──────── The records

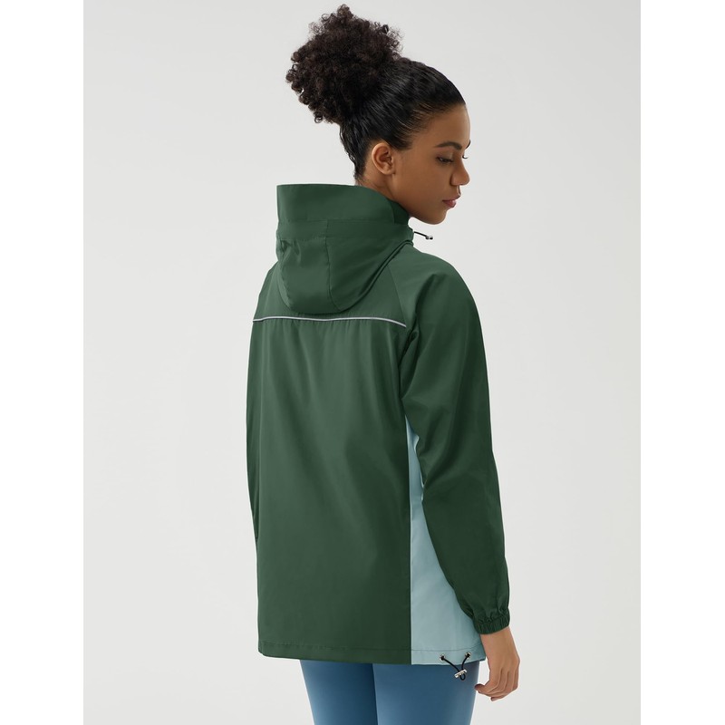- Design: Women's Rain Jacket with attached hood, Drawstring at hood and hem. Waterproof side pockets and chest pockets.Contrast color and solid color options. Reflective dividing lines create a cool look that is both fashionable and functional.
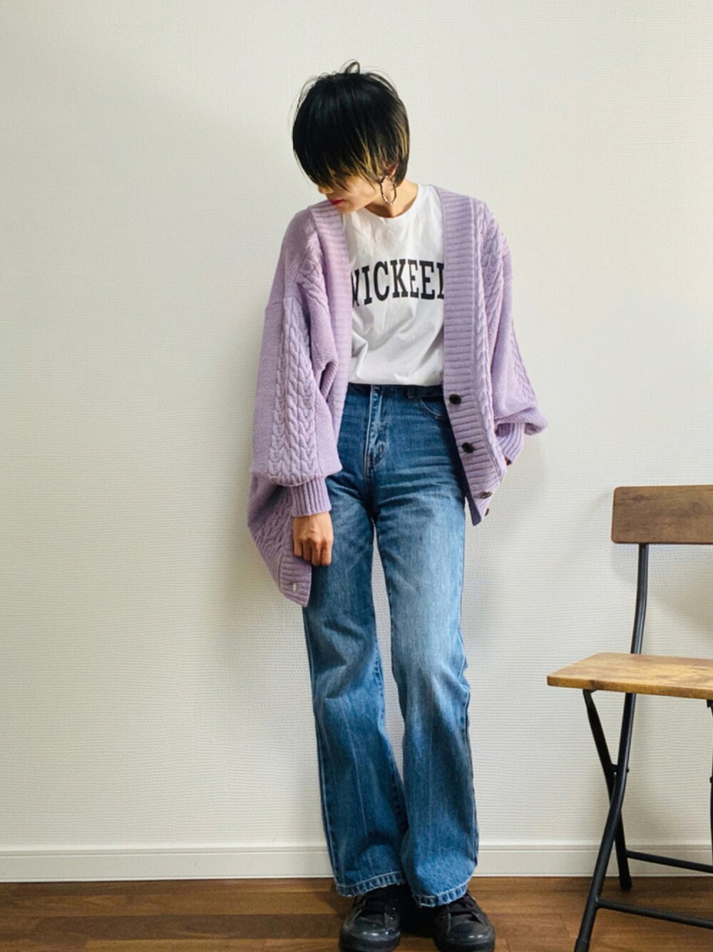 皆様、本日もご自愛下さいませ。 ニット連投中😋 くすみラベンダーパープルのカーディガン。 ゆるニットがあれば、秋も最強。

────────────────
──────── The records

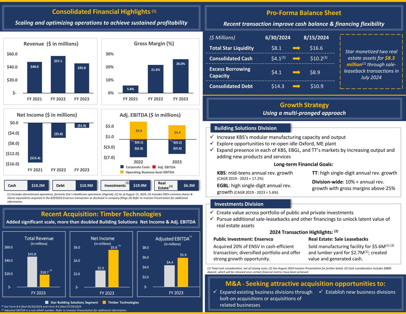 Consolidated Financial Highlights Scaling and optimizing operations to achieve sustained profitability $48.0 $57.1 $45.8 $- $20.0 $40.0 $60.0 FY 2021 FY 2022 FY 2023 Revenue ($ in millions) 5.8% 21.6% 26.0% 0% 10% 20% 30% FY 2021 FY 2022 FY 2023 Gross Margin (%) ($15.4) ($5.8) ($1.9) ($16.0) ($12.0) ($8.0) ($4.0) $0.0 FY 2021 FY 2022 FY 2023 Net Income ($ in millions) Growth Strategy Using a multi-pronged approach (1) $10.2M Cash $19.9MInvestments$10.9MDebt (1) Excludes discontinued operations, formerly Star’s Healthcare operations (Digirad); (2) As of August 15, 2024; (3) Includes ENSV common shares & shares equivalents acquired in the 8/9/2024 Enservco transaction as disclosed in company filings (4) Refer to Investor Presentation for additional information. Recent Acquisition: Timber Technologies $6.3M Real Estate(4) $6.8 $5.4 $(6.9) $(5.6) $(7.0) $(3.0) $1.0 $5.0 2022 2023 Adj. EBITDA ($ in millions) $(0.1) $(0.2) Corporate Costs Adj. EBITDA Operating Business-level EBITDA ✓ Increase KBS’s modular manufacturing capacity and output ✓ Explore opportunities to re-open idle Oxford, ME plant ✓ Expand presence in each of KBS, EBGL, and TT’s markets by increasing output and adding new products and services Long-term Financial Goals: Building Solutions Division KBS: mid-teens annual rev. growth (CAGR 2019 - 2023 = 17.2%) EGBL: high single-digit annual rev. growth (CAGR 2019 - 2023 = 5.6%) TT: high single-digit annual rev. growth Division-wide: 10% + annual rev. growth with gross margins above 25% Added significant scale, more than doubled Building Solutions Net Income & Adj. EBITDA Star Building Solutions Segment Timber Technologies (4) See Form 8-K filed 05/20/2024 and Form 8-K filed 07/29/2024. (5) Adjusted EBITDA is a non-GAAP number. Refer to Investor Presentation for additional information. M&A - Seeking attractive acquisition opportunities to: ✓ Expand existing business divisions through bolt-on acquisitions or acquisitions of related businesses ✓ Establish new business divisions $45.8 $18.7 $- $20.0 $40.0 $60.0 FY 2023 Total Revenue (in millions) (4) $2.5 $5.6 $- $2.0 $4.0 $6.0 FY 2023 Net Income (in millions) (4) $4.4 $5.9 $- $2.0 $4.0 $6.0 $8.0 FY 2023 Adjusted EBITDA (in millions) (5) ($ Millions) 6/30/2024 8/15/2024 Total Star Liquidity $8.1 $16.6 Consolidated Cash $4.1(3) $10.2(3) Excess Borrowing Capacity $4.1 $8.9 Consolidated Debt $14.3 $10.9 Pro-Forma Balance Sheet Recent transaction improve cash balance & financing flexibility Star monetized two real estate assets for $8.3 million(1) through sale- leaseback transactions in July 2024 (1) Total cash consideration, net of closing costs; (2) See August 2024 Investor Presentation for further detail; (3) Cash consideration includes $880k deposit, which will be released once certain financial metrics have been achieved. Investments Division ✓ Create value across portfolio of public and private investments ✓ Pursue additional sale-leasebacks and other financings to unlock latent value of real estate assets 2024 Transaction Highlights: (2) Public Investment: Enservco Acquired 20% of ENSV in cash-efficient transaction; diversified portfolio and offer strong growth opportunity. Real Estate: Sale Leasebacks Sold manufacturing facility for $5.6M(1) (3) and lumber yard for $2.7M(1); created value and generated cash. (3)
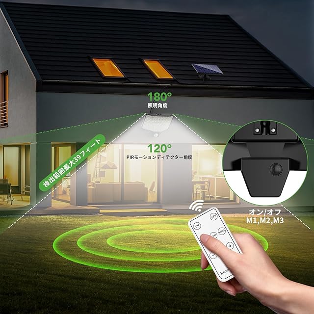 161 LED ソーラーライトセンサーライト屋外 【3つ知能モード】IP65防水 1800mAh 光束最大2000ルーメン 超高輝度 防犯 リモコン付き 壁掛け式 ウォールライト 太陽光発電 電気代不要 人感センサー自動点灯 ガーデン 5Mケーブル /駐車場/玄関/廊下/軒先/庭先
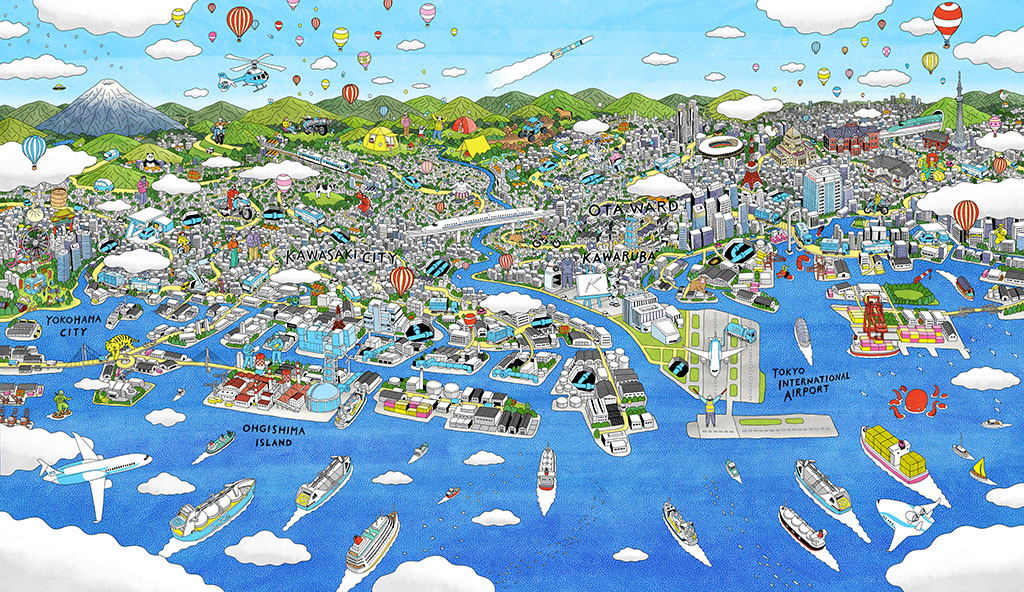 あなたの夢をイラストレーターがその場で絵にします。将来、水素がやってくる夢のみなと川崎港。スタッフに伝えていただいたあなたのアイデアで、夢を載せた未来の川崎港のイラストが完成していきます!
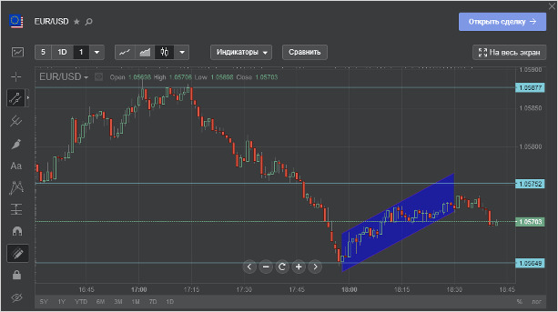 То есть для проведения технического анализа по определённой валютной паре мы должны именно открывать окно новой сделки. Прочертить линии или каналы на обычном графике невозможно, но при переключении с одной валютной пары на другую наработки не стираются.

────────────────

Task statement →
Give back exactly the lines of the listing above from the one that contains "- Design: Women's" up to and including the one that contains "皆様、本日もご自愛下さいませ。 ニット連投中😋 くすみラベンダーパープルのカーディガン。", but not the pictures, and no other lines.

Exercise solution →
- Design: Women's Rain Jacket with attached hood, Drawstring at hood and hem. Waterproof side pockets and chest pockets.Contrast color and solid color options. Reflective dividing lines create a cool look that is both fashionable and functional.
 皆様、本日もご自愛下さいませ。 ニット連投中😋 くすみラベンダーパープルのカーディガン。 ゆるニットがあれば、秋も最強。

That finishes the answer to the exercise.